Un jeu de lignes puissantes organise la scène de manière géométrique en la tronquant, présupposant ainsi qu'une partie de la scène nous échappe et se prolonge en dehors de la prise de vue, selon le principe de cadrage appliqué par les impressionnistes et leurs continuateurs.

Ce découpage contribue à donner une intensité dramatique à la scène dans la mesure où les hommes qui l'habitent semblent pris dans un espace qu'ils n'ont pas organisé eux-mêmes et qui les domine.
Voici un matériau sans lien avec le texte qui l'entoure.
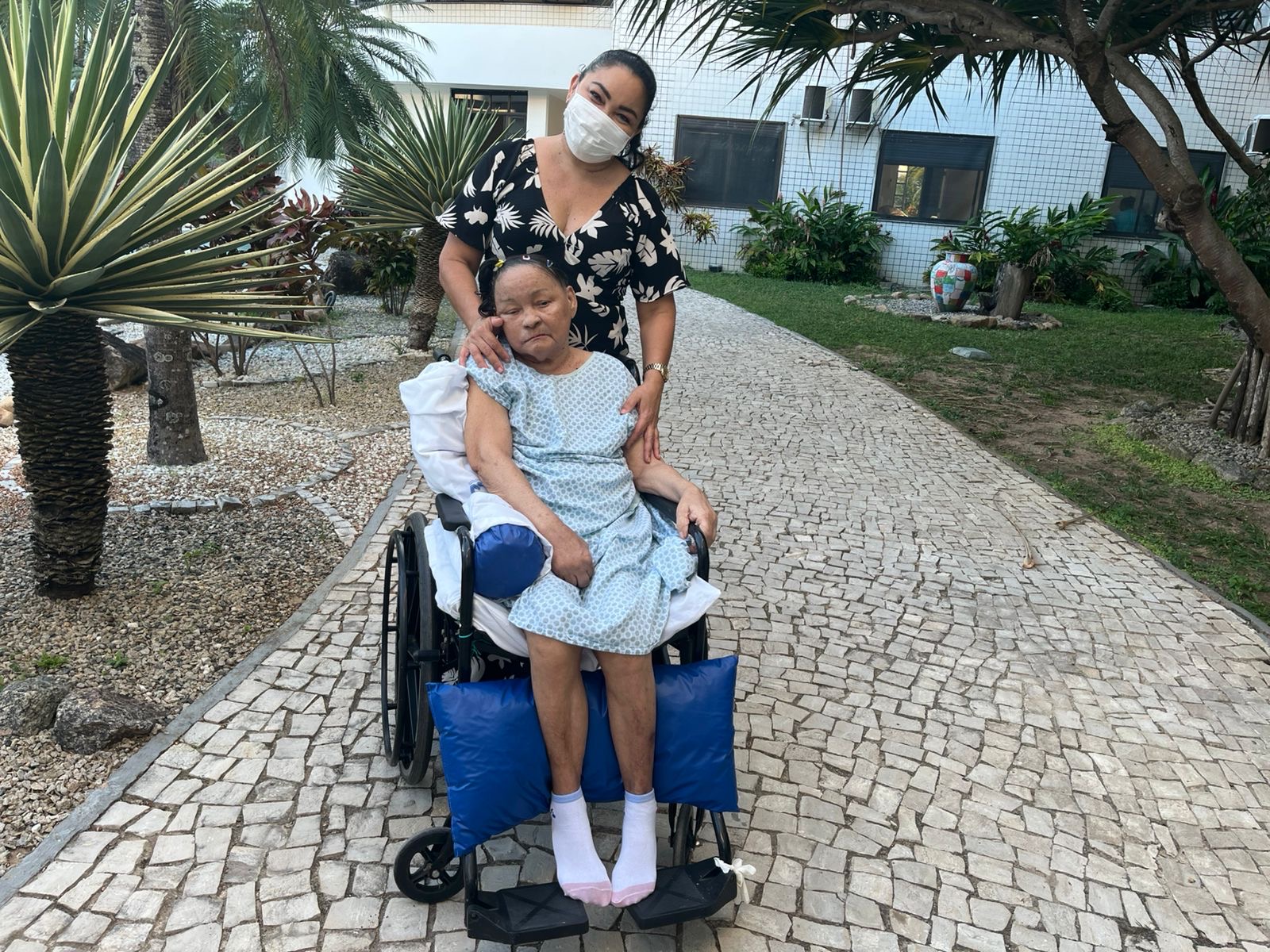 Erika Falcão cuida da mãe, Cleide, que está em tratamento de sequelas de AVC; a expectativa é voltar logo para casa
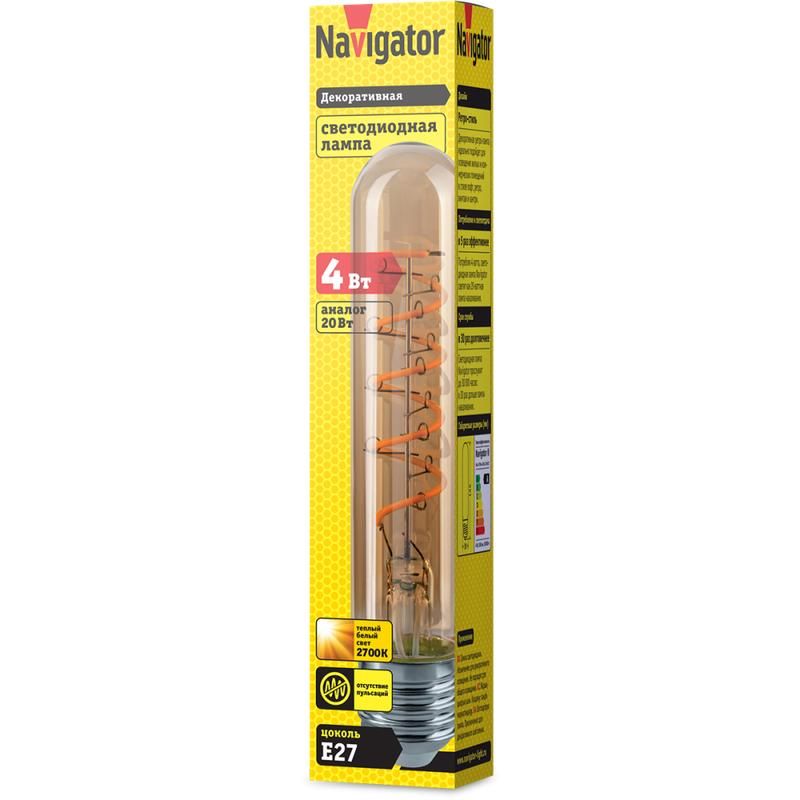 Лампа светодиодная NLL-F-T30-4-230-2.7K-E27 от бренда Navigator - компактная филаментная лампа с цоколем E27, предназначенная для замены классических ламп накаливания в бытовых и коммерческих осветительных системах. Модель отличается равномерным 360°-излучением, теплым белым светом и долгим сроком службы, что делает её удобной для установки в люстры, бра и настольные lamps.

En même temps qu'elle crée un effet de profondeur, la passerelle qui sépare en deux l'image accentue cette intensité dramatique: elle met clairement l'accent sur une opposition, pour ne pas dire une ségrégation entre le monde"d'en bas", principalement celui des femmes et des enfants et le monde "d'en haut" occupé surtout par des hommes. Ainsi cette passerelle vide ne fait rien passer mais au contraire divise, ce que ne fait qu'accentuer la clarté avec laquelle elle se détache sur l'ensemble.

Contrastes

De fait un autre trait notable est le jeu des oppositions de valeurs: dominante claire des vêtements de femmes sur fond sombre en bas et costumes sombres sur fond de ciel clair en haut, avec le contrepoint du canotier central qui fait écho au châle blanc du bas. le contraste est encore accentué par la pose "héroïque" du groupe d'hommes plus lointains, plus "anonymes" qui se détachent au fond sur l'horizon et la troublante présence humaine des femmes du premier plan dont on distingue beaucoup mieux les expressions, qui tâchent d'exister dans cet univers incongru chacune avec ses préoccupations immédiates, ses gestes quotidiens, ses pensées du moment, presque palpables tant l'image rend sensible l'empathie du photographe.

Connivence du regard

L'on perçoit en effet dans cette photographie une attention inquiète donnée à chaque être saisi dans son particularisme, depuis la désinvolture nonchalante du bourgeois au melon jusqu'au regard désabusé de la femme assise qui nous regarde la regarder. Ainsi, ce groupe n'est pas une masse indistincte : le cliché a su restituer l'unicité des êtres et donc leur dignité. Et l'on pense à cette analyse que fait Pierre Francastel de l'artiste moderne dans "Peinture et société": "Ce qui compte essentiellement c'est la vision rapprochée du monde[...] la vision moderne est une vision tendue dans la découverte d'un secret dans les détails[...] Le plus mystérieux, c'est le plus proche.''

Dans The Steerage, une partie du mystère de cette proximité réside aussi dans la situation même de ces personnages : le voyage est un retour vers l'Europe: déçus ou refoulés, les migrants s'en vont vers un destin qu'ils ignorent mais que nous connaissons dans ses grandes lignes: la première guerre mondiale, la crise économique vont entraîner leur lot de malheurs et précariser encore la situation des plus faibles. Qui parmi ces passagers saisis en ces minutes de juin 1907, quelque part sur l'atlantique, en aura réchappé?

Christian Perrier

La citation de Stieglitz est tirée d'Art Press n°155 de février 94.